Source data
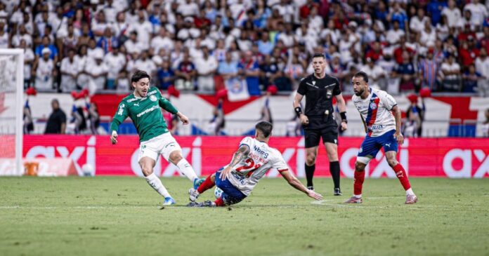 Sobre o jogo em si, o Bahia iniciou pressionando, buscando acelerar o ritmo diante da minha presença da torcida na Fonte Nova. O Palmeiras, por sua vez, equilibrou as ações e passou a controlar mais a posse de bola. Aos momentos finais do primeiro tempo, o Palmeiras abriu o placar com Jhon Arias, que encontrou espaço pela esquerda e finalizou com precisão para colocar o time visitante em vantagem.
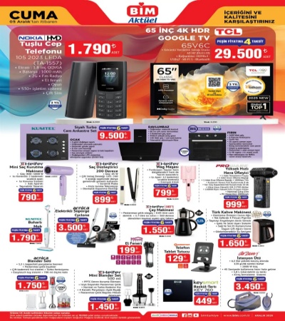 5 Aralık 2025 BİM aktüel kataloğu yayımlandı. Bu haftanın en çok dikkat çeken ürünü uygun fiyatıyla öne çıkan tuşlu Nokia cep telefonu oldu. Elektronikten ev tekstiline, mutfak ürünlerinden oyuncaklara kadar onlarca üründe büyük indirim var.
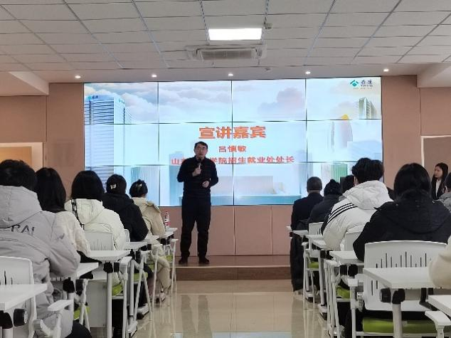 为进一步加强校企合作,实现企业和人才的积极互动,扎实推进社会与法学院2024届毕业生就业工作。12月26日,由山东女子学院社会与法学院主办,泰康之家儒园、琴园承办的企业招聘宣讲会在求真楼健康养老产业学院顺利举行。本次宣讲会由泰康之家儒园人力资源主管栾瑶主持,特邀山东女子学院招生就业处处长吕慎敏、泰康之家儒园筹备组副组长兼营销总监陈科出席会议并致辞。莅临会议的有社会与法学院党委书记杨洋、养老服务管理教研室主任陈姝君,泰康之家琴园人力资源主管秦小倩、泰康之家儒园超体经营主管杜浩冉,社会与法学院2024届养老服务管理、健康养老服务与管理、社会工作专业毕业生。
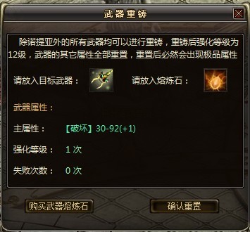 9、任何一件装备,都只能强化失败两次,第三次强化失败时武器就会破碎掉(即消失)。
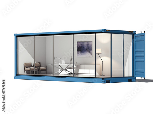 Obraz premium Cargo koneiner converted into an office. 3d rendering
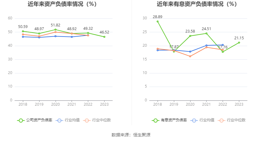 在偿债材干方面,公司2023年年末钞票欠债率为46.52%,比拟上年末着落2.80个百分点;有息钞票欠债率为21.15%,比拟上年末高潮3.39个百分点。
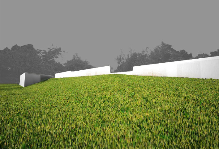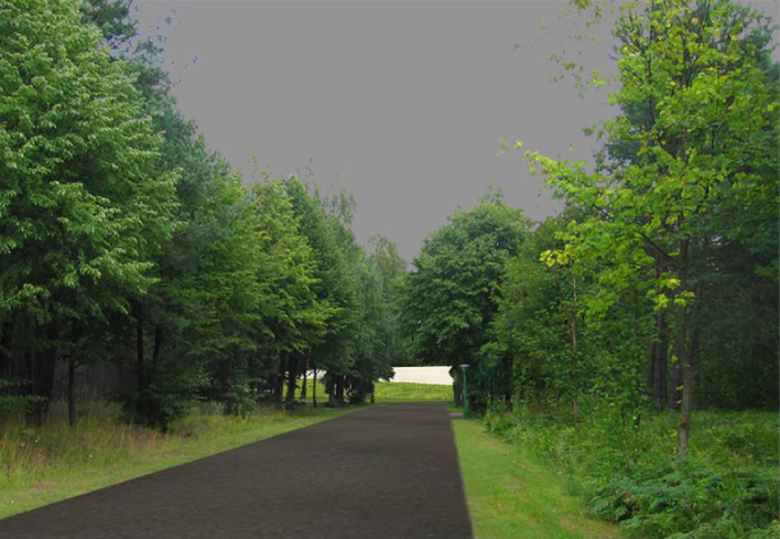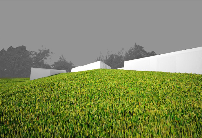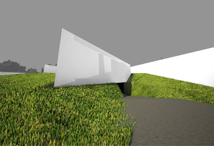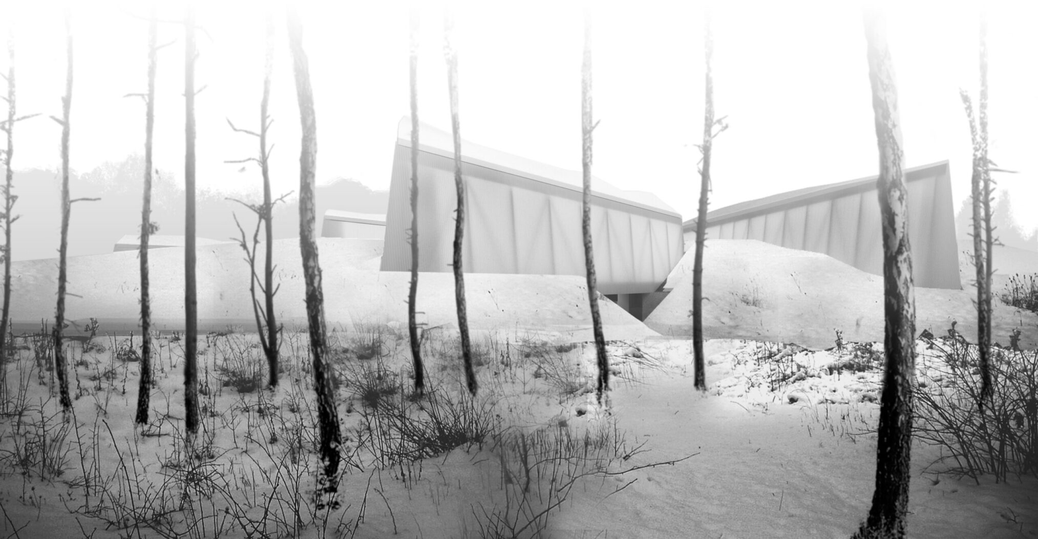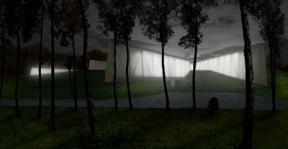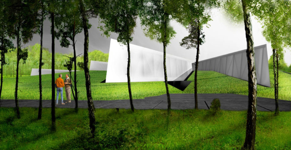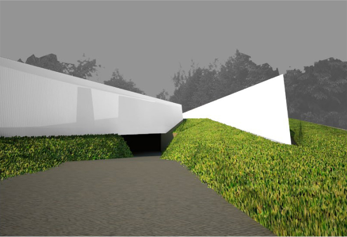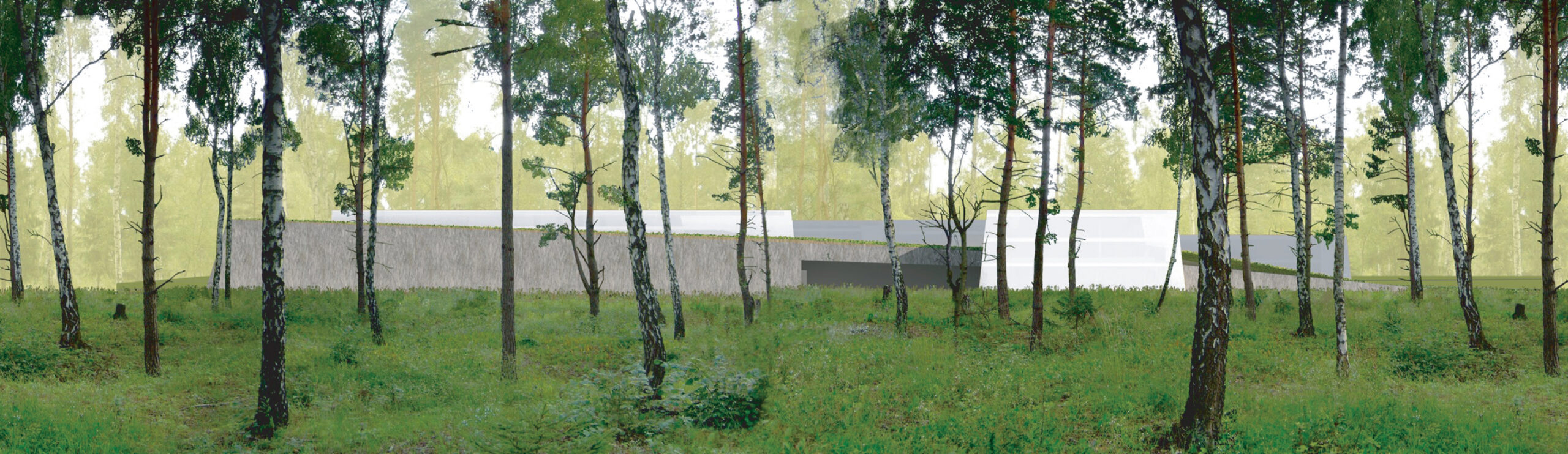 Bryła muzeum w swojej prostocie i oszczędnym wyrazie jest pełna napięcia i dynamiki, wydłużone elewacje przeciwstawiają się pionowym podziałom przesłony lasu, zza której niemal zawsze oglądany jest budynek. Z wnętrza wychodzimy ponownie na ścieżkę turystyczną, która prowadzi wzdłuż muru oporowego, poszerzając się w miejscu zaprojektowanym dla odpoczynku, oczekiwania na przewodnika etc.
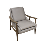 Sillón fabricado en tela con patas de madera en acabado natural.
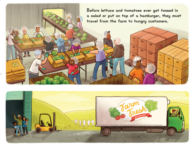 This is so cool. The illustrations are fabulous, but I really, really like the lessons of how we’re all interconnected and that our food doesn’t come from a store but from the land — and I also like the idea of promoting the family farm. AND I love that there are educational resources too. Great for exploring more with curious kids.

TASK PROMPT
Write out each line of the data above exactly, starting at the top and finishing with the line containing "Obraz premium Cargo"; omit the pictures.

YOUR RESPONSE
 Sobre o jogo em si, o Bahia iniciou pressionando, buscando acelerar o ritmo diante da minha presença da torcida na Fonte Nova. O Palmeiras, por sua vez, equilibrou as ações e passou a controlar mais a posse de bola. Aos momentos finais do primeiro tempo, o Palmeiras abriu o placar com Jhon Arias, que encontrou espaço pela esquerda e finalizou com precisão para colocar o time visitante em vantagem.
 5 Aralık 2025 BİM aktüel kataloğu yayımlandı. Bu haftanın en çok dikkat çeken ürünü uygun fiyatıyla öne çıkan tuşlu Nokia cep telefonu oldu. Elektronikten ev tekstiline, mutfak ürünlerinden oyuncaklara kadar onlarca üründe büyük indirim var.
 为进一步加强校企合作,实现企业和人才的积极互动,扎实推进社会与法学院2024届毕业生就业工作。12月26日,由山东女子学院社会与法学院主办,泰康之家儒园、琴园承办的企业招聘宣讲会在求真楼健康养老产业学院顺利举行。本次宣讲会由泰康之家儒园人力资源主管栾瑶主持,特邀山东女子学院招生就业处处长吕慎敏、泰康之家儒园筹备组副组长兼营销总监陈科出席会议并致辞。莅临会议的有社会与法学院党委书记杨洋、养老服务管理教研室主任陈姝君,泰康之家琴园人力资源主管秦小倩、泰康之家儒园超体经营主管杜浩冉,社会与法学院2024届养老服务管理、健康养老服务与管理、社会工作专业毕业生。
 9、任何一件装备,都只能强化失败两次,第三次强化失败时武器就会破碎掉(即消失)。
 Obraz premium Cargo koneiner converted into an office. 3d rendering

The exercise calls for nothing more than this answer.